Keep in mind that every person recovers at a different pace, and also that every surgeon has their own agenda during the recovery process. This is simply the sequence of important events that took place during my personal recovery.

Day 0 (Surgery)

  • You’ll be eating/drinking through a syringe
  • You’ll be unable to sleep very much
  • You may be freezing all night long due to the ice packs wrapped around your face
  • You’ll feel extremely weak
  • You won’t be able to talk
  • You will drool constantly (but you’ll have the suction tube in the hospital to take care of that)
  • Lots of blood will be churning up inside your nose, mouth and throat
  • Your jaw will randomly spasm (and it will be painful)

Day 1

  • Swelling will begin

Day 3

  • Swelling will peak
  • Your bowels will start working again around this time

Day 5

  • Feeling will begin to return to parts of your face
  • Swelling will start to decrease

Day 7 (1 week)

  • You’ll be able to move your mouth a bit easier, so your talking will become more understandable
  • At your 1-week appointment, you’ll be able to brush your teeth, both inside and out (and it will feel amazing)

Day 10

  • Drooling won’t be as rampant any longer
  • You’ll regain slight control over your lips

Day 14 (2 weeks)

  • Most of the swelling will be gone
  • You’ll be able to start drinking from a cup (although it may be messy at first)
  • You can probably remove a few of the elastics clamping your teeth together, so talking will become infinitely more simple
  • Sleeping through the night should no longer be a problem

Day 15

  • Your elastics will start snapping daily, due to your rapid increase in speaking

Day 18

  • Your breath will become bearable again, due to the fact that you’ve been eating different foods and brushing more often

Day 21 (3 weeks)

  • Your energy will start to come back.

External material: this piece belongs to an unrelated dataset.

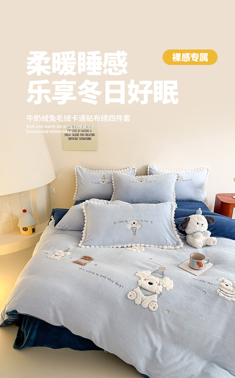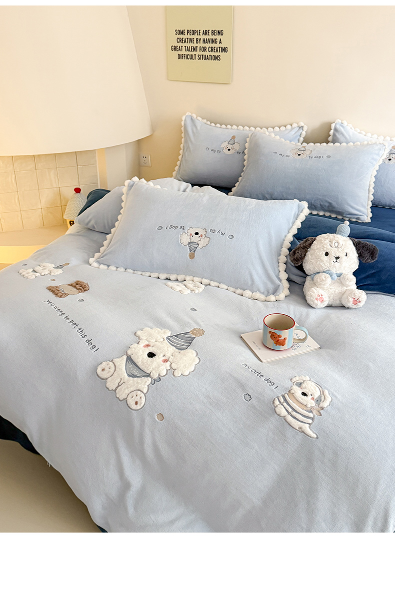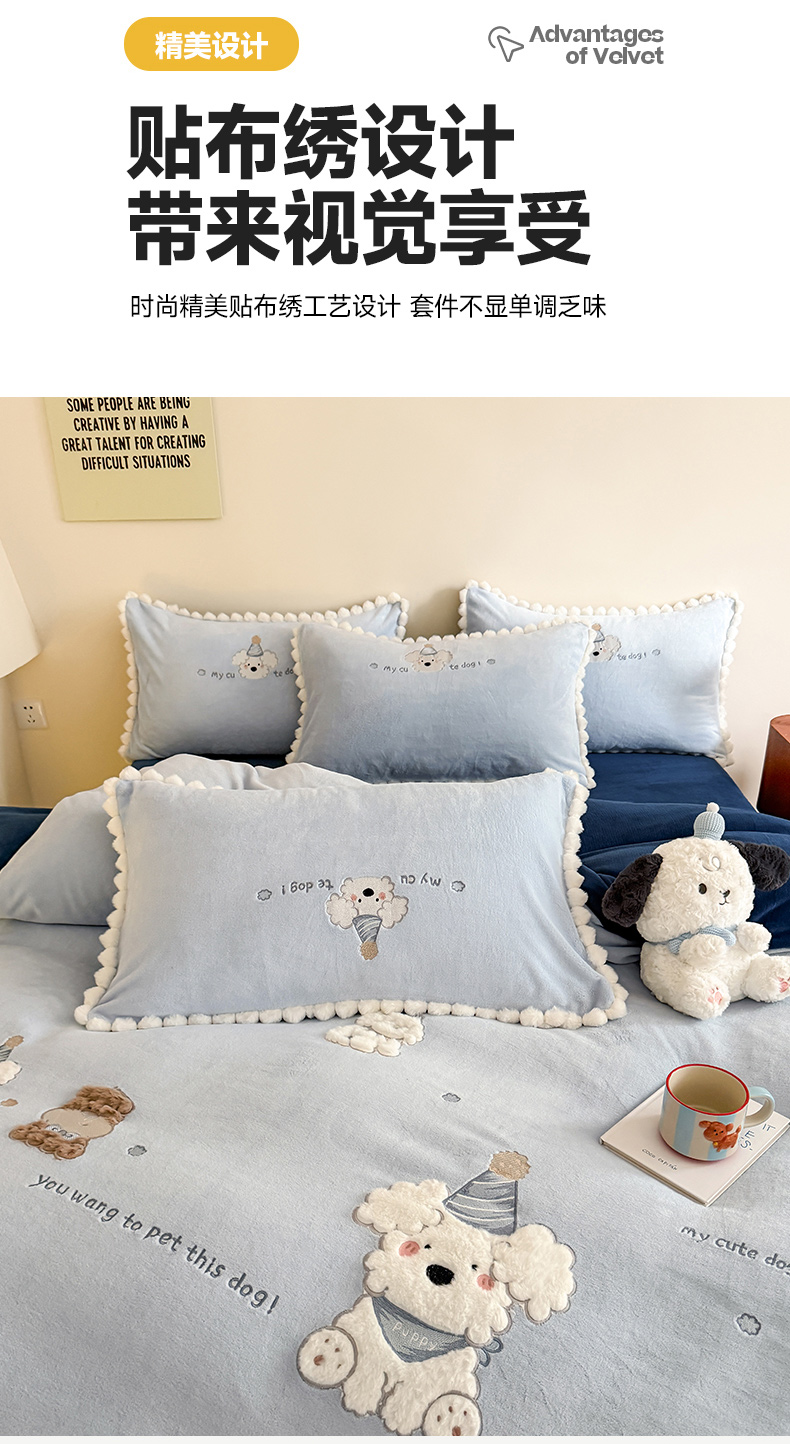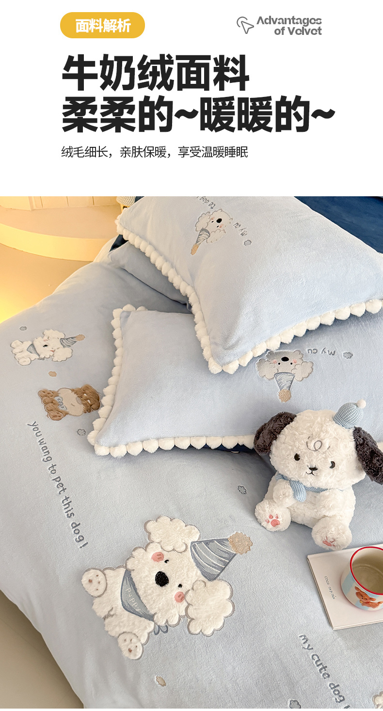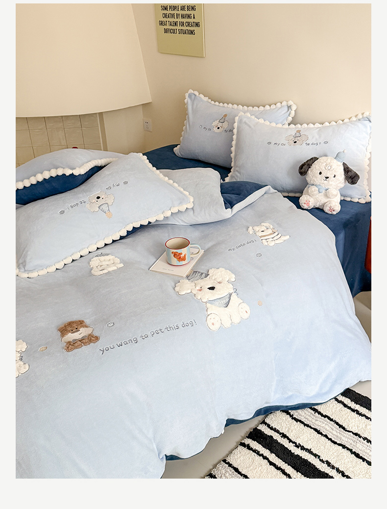 当前位置: 91家纺网 > 商品网购 > 床品套件 > 四件套 > 牛奶绒四件套 > 蜜柚 2025新款秋冬高克重全消光牛奶绒小清新卡通贴布四件套 泡芙狗狗-蓝

Take advantage of it! Go for walks and take your bike out for a spin.

Day 22

  • You’ll be receiving substantial feeling back in your upper lip and cheeks. Your nose, lower lip and chin, however, will remain completely numb.

Day 28 (4 weeks)

  • Talking will hardly be an issue any longer. If you have a splint/bite plate in, you’ll sound ridiculous, but people will be able to understand you.
  • Your desire to be social and spend time with people will return in full force. Make sure you take advantage of it, and remember that your friends are not judging you.

Day 29

  • Feeling will begin to return to your lower lip and chin. That feeling will come in the form of pins and needles, but you’ll appreciate it regardless. If no feeling has returned to these parts yet, don’t worry. Surgeons say that it make take up to 90 days for feeling to begin coming back.

Day 31 (1 month)

  • If your elastics are off, you’ll be able to speak quite well by now
  • You won’t drool or spill any longer while eating

Day 32

  • You’ll have most of your normal energy back by now
  • You’ll begin to feel like you’re ready to take life on again. Be warned though: you’re not quite there yet. Give it another month before you go crazy.

Day 38

  • More patches of feeling will return to your chin and lower lip
  • You should no longer have to wear elastics during the day

Day 42 (6 weeks)

  • You should be able to drink through a straw quite easily by now

Day 45

  • Most of your stitches should have dissolved by now

Day 49 (7 weeks)

  • If you had a splint in, it should definitely be removed by now
  • Be prepared to readjust back into the world of orthodontics

Day 56 (8 weeks)

  • You should be able to eat with a small spoon or fork again
  • Licking your lips should be no problem at this point

Day 58

  • You’ll most likely be allowed to blow your nose again. Be gentle, though, because you don’t want to pop a blood vessel.

Day 70 (10 weeks)

  • If you haven’t been able to eat solid food yet, start now. Even if the task of eating involves mashing soft food up against the roof of your mouth, do it anyway. You’ll never gain your strength back on liquid alone.

Day 84 (12 weeks)

  • You should enjoy the freedom of eating just about anything you want by now
  • Consider practising whistling in order to break up the scar tissue that’s sure to be keeping your upper lip from enjoying its full range of motion

Day 90 (3 months)

  • Your three months have finally come to an end! Enjoy eating, breathing and smiling to their full effect.
  • Changes will be fairly slow from this point forward. The results you find yourself with at the 6-month mark will most likely be the results you’ll live with for the rest of your life.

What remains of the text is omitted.